I was 23 years old in 1971, when my 22 year old husband of less than 5 months committed suicide. We had both graduated from Cornell and that is where he jumped off a bridge on the campus. I was in a complete state of shock and disbelief.
A couple of months later, I found myself living on the island of Jamaica with two friends. I had first seen The Urantia Book a few months before Allen's sudden death. We both learned of it when we were living in Colorado for a short time, and a mutual friend would read passages from it to us. I didn't understand what he was talking about, but I recall having a notion that this was a holy book.
I grew up in a mostly secular, intellectual Jewish household. I was the only child of Jewish parents, adopted at the age of 4 months. It was many years later, after having read The Urantia Book a couple of times, that I learned my original parents had been Holocaust survivors. But I grew up knowing practically nothing about God or Jesus. I was terrified at the thought of dying and existing no more. All I knew of Jesus was that he was someone the Christians believed in and an occasional curse word around our house.
I began reading The Urantia Book shortly after arriving in Jamaica with my two friends. Ron, who had read the excerpts in Colorado had gone to Ithaca, New York, along with his girlfriend, and now we were together in Jamaica where Ron had reached the section on Thought Adjusters. I don't recall the exact passage, but his words deeply resonated truth to me. So I began reading about Thought Adjusters and read ravenously. I also took walks in the beautiful coastal village where we stayed, and started having little talks with God.

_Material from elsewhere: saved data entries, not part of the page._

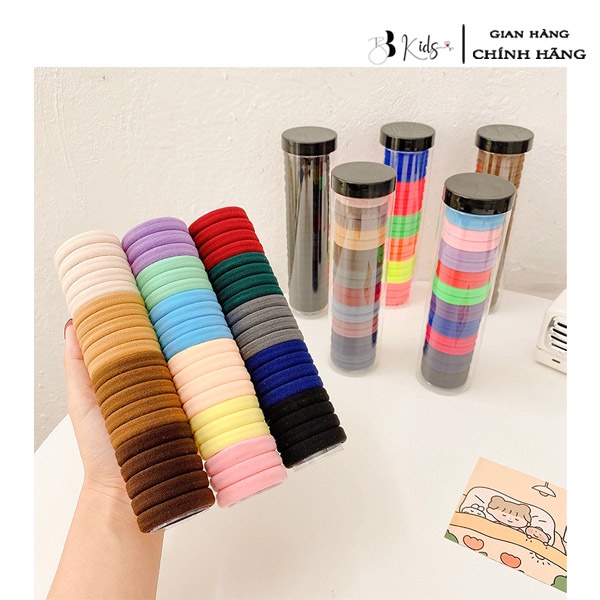 Thương Hiệu : BB Kids 👉👉👉 Set 20 Dây Chun Buộc Tóc Siêu Xinh Đựng Trong Hộp Ống Trong Suốt Tiện Lợi Chất Thun Buộc Siêu Co Dãn Phong Cách Hàn Quốc Nhiều Màu Vintage Dùng Được Cho Cả Mẹ Và Bé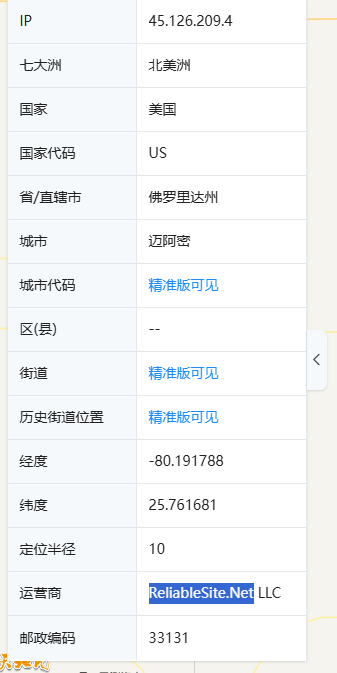 直接查询IP信息,得到 ReliableSite.Net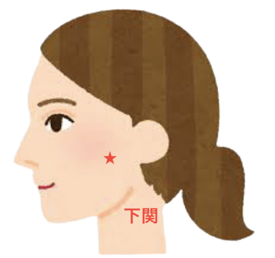 下関は、耳たぶの付け根から指4本開けた所にあるほほのくぼんでいる場所にあります。探す時には、口を開けると骨が持ち上がる場所を意識して探しましょう。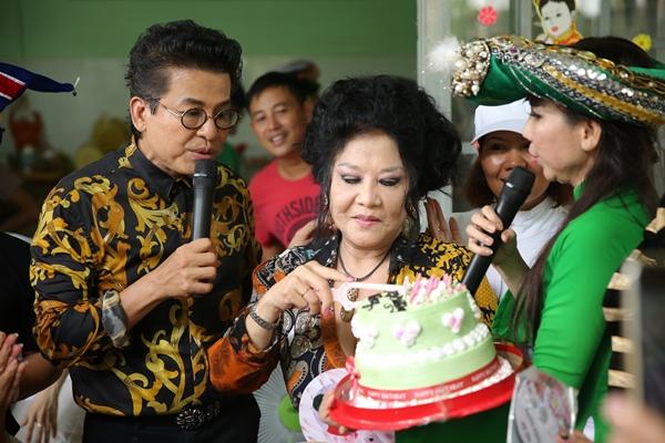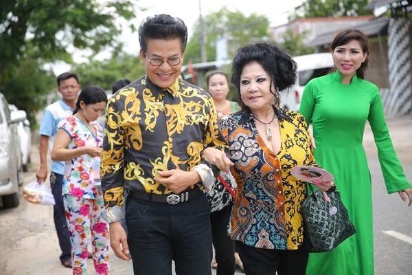 Cặp đôi mặc ton-sur-ton áo họa tiết vàng và quần đen, tay trong tay tình tứ, trông vô cùng vui vẻ và hạnh phúc. Số tiền thu được từ đám cưới diễn ra hôm qua được MC Thanh Bạch và bà Thúy Nga sử dụng toàn bộ cho chuyến đi từ thiện này.

I had been reading the book for a few weeks when I had, what I like to think of as, MY SPIRITUAL AWAKENING.
I was on the beach with my two friends on a beautiful afternoon. We had the beach to ourselves on this magnificent day in tropical paradise, with crystal clear turquoise water and soft, silky sand below. I was miserable, though. Tears poured down my face as I sobbed. Deep within I felt responsible for Allen's death. I felt compelled to walk out into the ocean and keep going farther and farther until I drowned. I felt that I had to kill myself to make things right within, but another part of me didn't want to die. It was a tug of war iin my heart and soul. In the midst of this anguish, I felt a presence come to me and say, in a silent voice, "You don't have to die. I love you. I don't want you to die." I was cradled in this comforting presence. I'm not sure if I immediately realized this was Jesus or the Spirit of Jesus, but I felt a deep sense of peace and and calm come over me. I was truly reborn in that instant.
Shortly after this experience I received a telegram to call home. My father had suffered a severe heart attack and was in intensive care. My mother had a series of illnesses beginning in my early teenage years. She had most recently suffered a stroke that left her both mentally and physically debilitated. I had grown up in a sheltered environment and now, all of a sudden, everyone and everything I knew was shattered. Yet, I was filled with the Spirit and saw the world compleely differently. For the first time, I experienced a real sense of hope, excitement, even delight. How could this be? Everyone around me it seems was dead, dying or deathly ill and I was uplifted and positive.
In the decades that have passed, my adoptive parents both died. I was never able to find my birth parents or any members of my original family, although I did find out information about them. I've never remarried or had any children, so I don't know what it is to be related to someone genetically. My family are the kindred spirits I connect with spiritually. I see that we are all related, children of our Father, children of God. I rejoice in the gifts God has given and although I've had some dark and trying times, I have to say that The Urantia Book has helped me through and given me a joyful, postive outlook on life. I am regularly comforted in the loving arms of our Master and uplifted by the spiritual forces that so lovingly minister to us all.